# διαφορά ανάμεσα σε «διότι» και «επειδή»



## διαφορετικός

Υπάρχει διαφορά στη σημασία ή στη χρήση ανάμεσα στις λέξεις «διότι» και «επειδή»;
Σε ποιες περιπτώσεις είναι σωστό να χρησιμοποιείται τη μια, αλλά όχι την άλλη;


----------



## LoraLanguage

Hi! When I saw your question I was interested because I didn't know its answer, too. I don't know why there is no answer here yet but I posted your question in other site and this is the explanation that I received.

"Διότι is very formal and it is borrowed from ancient greek ~ Katharevousa
Επειδή can be used also formal and informal, the point is that both are kind of same "


----------



## διαφορετικός

I thank you very much, LoraLanguage.


----------



## Perseas

I 'd like to add:
«διότι» is a formal «γιατί», also both initiate causal clauses, which are placed *after the main clause*.
_Δεν διάβασα τα μαθήματά μου, γιατί/διότι δεν είχα χρόνο.
Γιατί/διότι δεν είχα χρόνο, δεν διάβασα τα μαθήματά μου _

_«επειδή» iniatiates causal clauses, which can be placed in the beginning of the sentence.
Δεν διάβασα τα μαθήματά μου, επειδή δεν είχα χρόνο. 
Επειδή δεν είχα χρόνο, δεν διάβασα τα μαθήματά μου.
_


----------



## διαφορετικός

Thank you very much for the additional remarks, Perseas.

So the difference is that «διότι» (and «γιατί») (and its causal clause) cannot be placed in the beginning of a sentence, whereas «επειδή» can. Which I find rather strange - although in English there is the word "for" with a similar rule and meaning. But "for" does not initiate a subordinate clause, but another main clause. Whereas English "because" initiates a subordinate clause.

So does «διότι» nevertheless (other than the English "for") initiate a subordinate clause (if this term is appropriate at all in Greek)?


----------



## Perseas

«επειδή» is maybe used more often in front than after the main clause.



διαφορετικός said:


> So does «διότι» nevertheless (other than the English "for") initiate a subordinate clause (if this term is appropriate at all in Greek)?


Yes, definitely!

(main clause = κύρια ή ανεξάρτητη πρόταση; subordinate clause = δευτερεύουσα ή εξαρτημένη πρόταση)


----------



## διαφορετικός

Thanks again, Perseas.
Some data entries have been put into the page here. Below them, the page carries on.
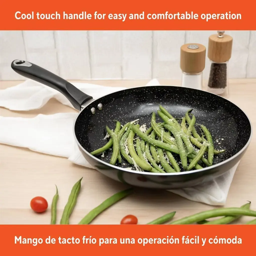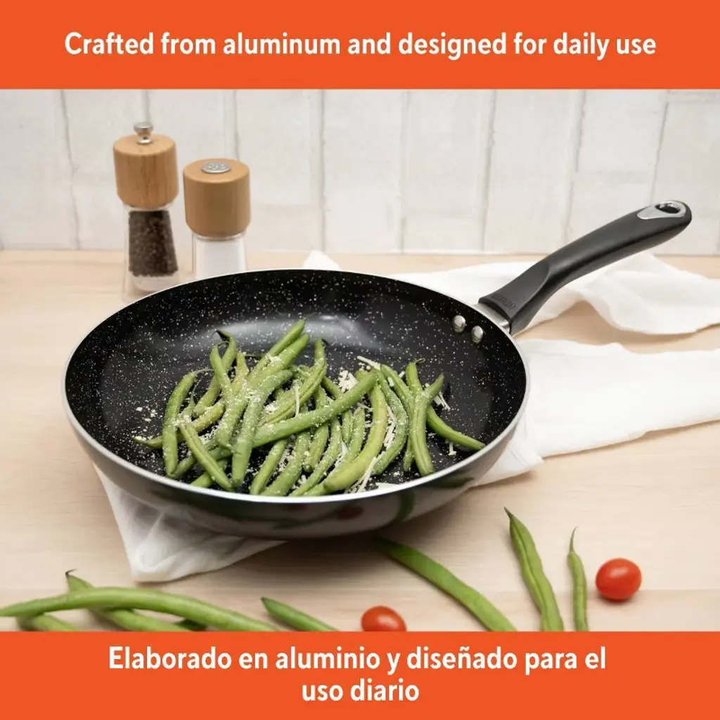 The IMUSA 10” Bistro Ceramic Fry Pan is a compact yet powerful tool for everyday cooking. Crafted from durable aluminum with a black speckled ceramic nonstick coating and sleek black exterior, it ensures effortless food release and healthier meals. The cool-touch handle offers comfort and control during use, making it perfect for pan frying, stir frying, sautéing meat, fish, eggs, and more. Ideal for dry heat cooking, this fry pan is a must-have for quick, delicious meals at home. Trust the IMUSA 10” Bistro Ceramic Fry Pan for balanced, home-cooked meals. It will surely become your kitchen's beloved companion, uniting tradition and innovation in every delectable creation and elevating your culinary experience.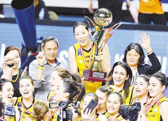 5月5日,瓦基弗銀行隊球員朱婷(中上)邀請父母進(jìn)入球場慶祝奪冠。 當(dāng)日,在2018-2019賽季土耳其女排超級聯(lián)賽決賽第五回合比賽中,瓦基弗銀行隊客場以3比0戰(zhàn)勝伊薩奇巴希隊,以總比分3比2成功衛(wèi)冕聯(lián)賽冠軍。朱婷也蟬聯(lián)了聯(lián)賽MVP(最有價值球員)稱號。 新華社記者 徐速繪 攝
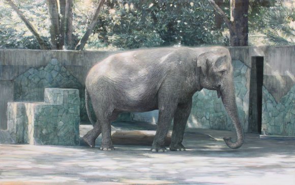 大学2年次から美術研究所で講師を務め、約10年間続けました。その傍らでさまざまなインスタレーションに取り組んでいます。とくにライフワークになっているのが「ゾウのはな子」です。井の頭自然文化園で飼育されていたゾウで、幼稚園の遠足で出会って以来、高校時代もよくデッサンに訪れ、愛着を感じていました。2016年5月に69歳で亡くなったのですが、生きているうちに何らかの形に残しておきたいという気持ちが強まり、絵画、彫刻など、さまざまな作品をつくりました。その1つが、吉祥寺駅前に設置されている銅像です。ちなみにこの銅像の名板は、美術研究所の同級生が制作してくれました。当時の仲間は、厳しい修行時代を共に過ごした「戦友」のような感じで、私にとって貴重な存在です。

But since I find it a little confusing and there may have been a misunderstanding, I would like to repeat the question in other words:
In the example

_Δεν διάβασα τα μαθήματά μου, διότι δεν είχα χρόνο._
is the first clause (before the comma) a main clause, and the second clause (after the comma) a subordinate clause? Is this correct?


----------



## Perseas

Yes, exactly.


----------



## διαφορετικός

Thank you.


----------



## LoraLanguage

I want to say thank you, too. I learnt so many new things!


----------